Your assignment:
Beginning with the line that holds "Ils reçoivent la" and ending with the last line below, please copy every line exactly, add nothing, and leave out the pictures.
Dataset section start
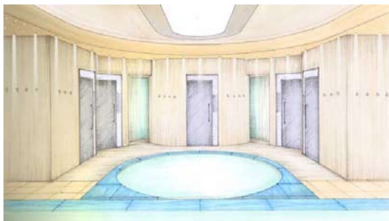
Therme-Damen – Dammam, Saudi Arabien
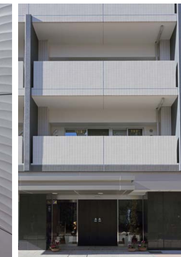
エントランスまわり外観
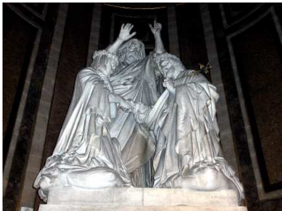
Le mariage de la Vierge Eglise de la Madeleine, Paris.

Ils reçoivent la bénédiction du grand prêtre à la physionomie très expressive, pour lequel Pradier s'est montré attentif à l'exactitude du costume et des insignes. On retrouvera ce souci de vérité historique dans la Pietà de la chapelle de la Pauline.
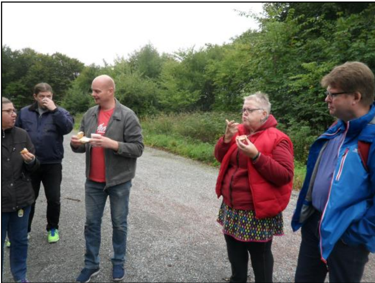
Der spises rundstykker.
Dataset section end
Solution to this exercise:
Ils reçoivent la bénédiction du grand prêtre à la physionomie très expressive, pour lequel Pradier s'est montré attentif à l'exactitude du costume et des insignes. On retrouvera ce souci de vérité historique dans la Pietà de la chapelle de la Pauline.
Der spises rundstykker.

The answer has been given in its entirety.